Iterative Health is looking to solve the problem of accelerating clinical research to transform patient outcomes in the field of gastrointestinal (GI) and hepatology novel therapies.
Requirements
- Knowledge of grammar, spelling, and punctuation.
- Knowledge of purchasing, budgeting, and inventory control.
- Skill in taking and transcribing dictation and operating office equipment.
- Skill in answering the phone and responding to questions.
- Ability to competently use Microsoft Office, including Word, PowerPoint, Excel, and appropriate practice management software.
Responsibilities
- Assists Study Team, as needed in communication of study requirements to all individuals involved in the study.
- Works with the Study Team, as needed to develop and implement recruitment strategies in accordance with TDDC RESEARCH and IRB requirements and approvals.

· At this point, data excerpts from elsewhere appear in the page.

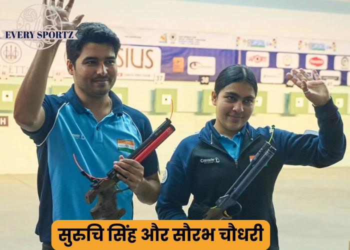 सुरुचि सिंह और सौरभ चौधरी ने 10 मीटर एयर पिस्टल मिश्रित टीम स्पर्धा में कांस्य पदक जीता। उन्होंने भारतीय जोड़ी मनु भाकर और रविंदर सिंह को 16-8 से हराया।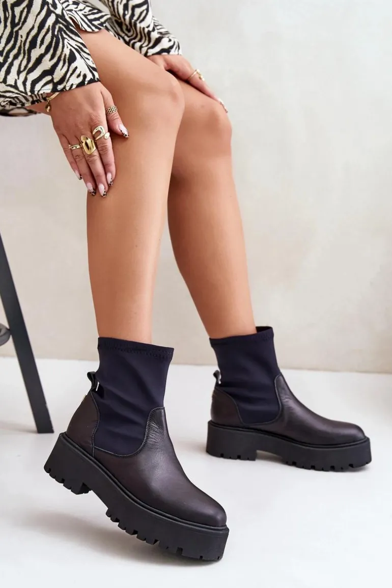 Damskie botki z cholewką za kostkę, wykonane z wysokiej jakości skóry naturalnej. Osadzone na platformie i płaskim obcasie, zapewniają wygodę podczas codziennego noszenia. Wsuwany model z zaokrąglonymi noskami łączy w sobie elegancję i komfort, doskonały na różne okazje i stylizacje. Przy wyborze rozmiaru prosimy sugerować się tabelą rozmiarów.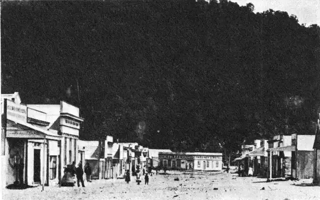 The Roman Catholic Church and the Church of England were erected in 1869. The latter was, in later years, pulled down to allow of its site being sluiced for gold.

- Assists Study Team as needed in the screening of subjects for eligibility using protocol specific inclusion and exclusion criteria, documenting each potential participant’s eligibility or exclusion.
- Assists Study Team as requested to register participants in the Merge Clinical Trial Management System to ensure billing of study procedures to appropriate funding source.
- Maintains adequate inventory of study supplies. If handling investigational drugs/devices, follows the sponsor protocol and/or TDDC RESEARCH Policy on Investigational Drug/Device Accountability.
- Assists Study Team in completing study documentation and maintenance of study files in accordance with sponsor requirements and TDDC RESEARCH policies and procedures
- Review and update TDDC RESEARCH Study Workflow Chart and enter all patient visit data in e-CRF and Merge CTMS on a daily basis.
Other
- High school diploma or equivalent. Some college preferred.
- Minimum two years of experience with a health care organization.
- Must be able to lift up to 25 lbs.
- Must be able to travel and MVR
- Ability to work under pressure, communicate and present information.